A poll conducted by the Nihon Keizai Shimbun earlier this year found that Thai people were split 50-50 when asked to choose between the United States and China.
“To some extent, this also reflects the fact that Thailand’s foreign policy has historically followed the principle of equilibrium between powers (equilibrium).” Poowin Bunyavejchewin, a senior researcher at the Center for East Asian Studies at Thailand’s National University of Law and Economics, explained that there is a clear distinction between the official and private sectors, the upper class and the lower and middle classes, and that the private sector is concerned about the growing influence of the Chinese Communist Party in Southeast Asia and Thailand, the quality of the high-speed railway, the possible debt trap, and the Communist Party’s vaccine diplomacy. There are concerns about the CCP’s growing influence in Southeast Asia and in Thailand, the quality of the high-speed railway, the possible debt trap, and the CCP’s vaccine diplomacy.
But Chinese money entering Thai academia in a non-transparent manner is also a disturbing phenomenon to Boa Shakwen.

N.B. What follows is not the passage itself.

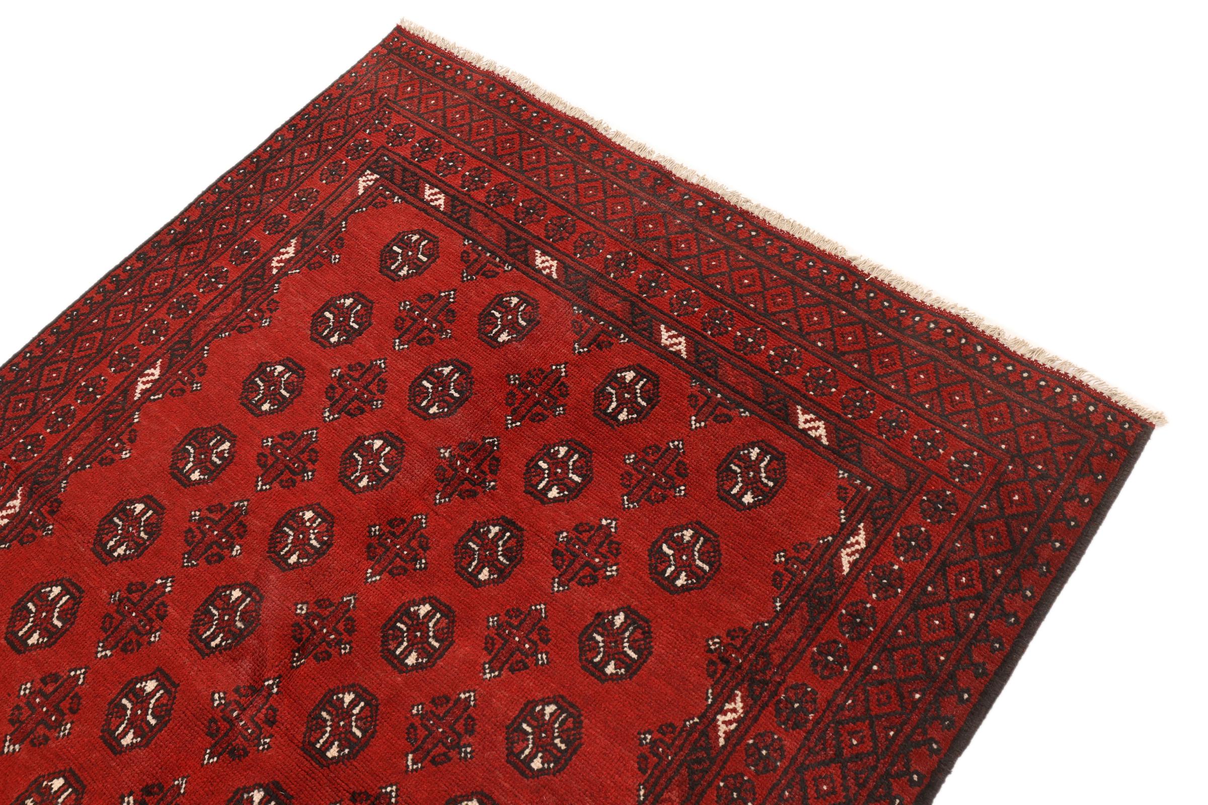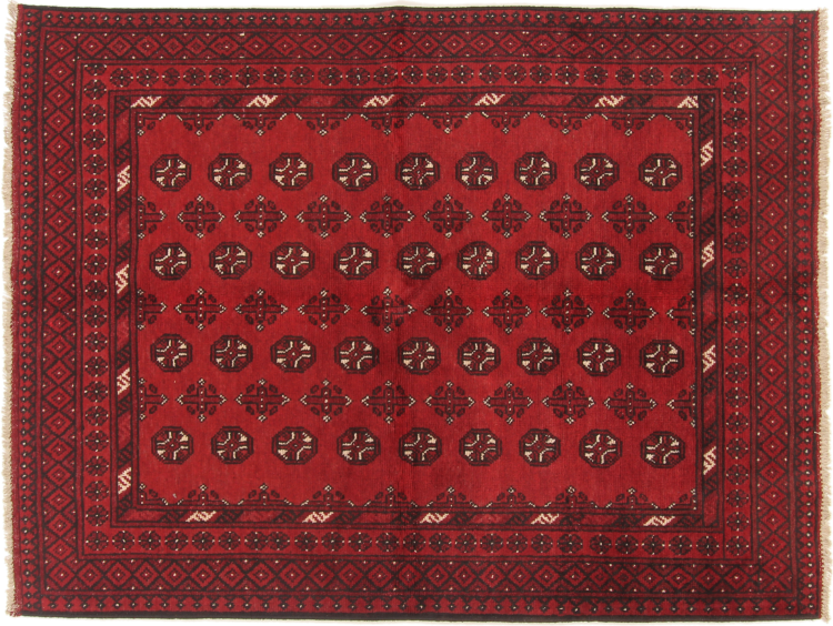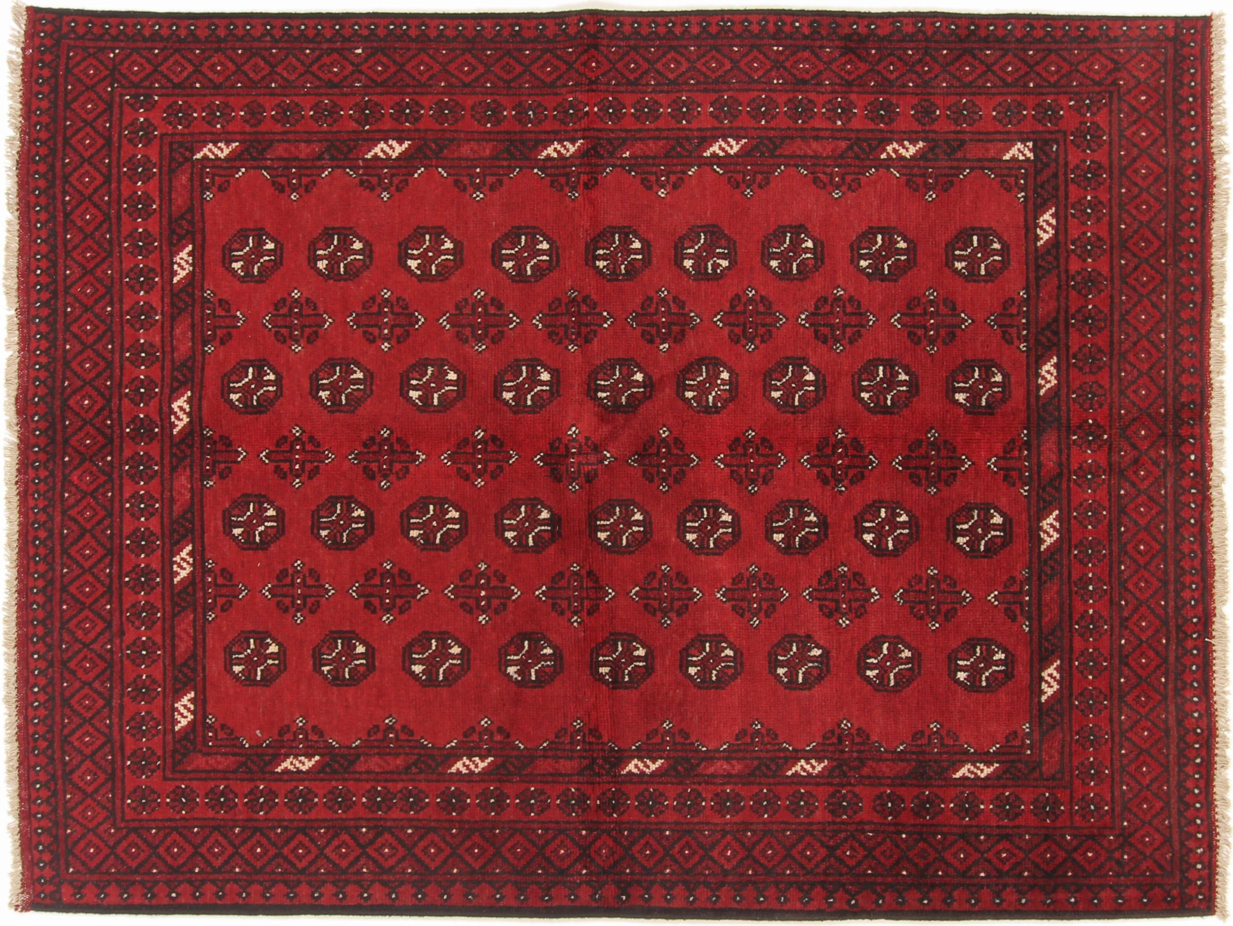 Este tapete afegão Akhche está diante de si como um sonho vermelho. Fica melhor em divisões simples. A sua qualidade convencerá qualquer amante de tapetes orientais. Atado à mão do Afeganistão.

“In the last five years or so, I feel as if there is an official spokesperson for the Chinese Communist Party in Thai academia.” Some academics echo Beijing’s rhetoric in high-profile ways, such as touting the controversial high-speed rail project, the Kexin vaccine with its worrying effectiveness, or even advocating that Thailand should copy China’s development model exactly, Boyar Sherman said, “They are able to hold the words to the public that are not exactly based on the real situation or in the real interests of the Thai state. “
Dr. James Gomez, director of the regional center of the Asia Centre, a Thai think tank, shares the concern that diverse voices are being drowned out and vilified in Thailand, affecting the vitality of Thai civil society.
“This trend will continue, and as long as no one stops it, the space for free expression in Thai society will eventually be swallowed up.” He said this is the situation he is most worried about.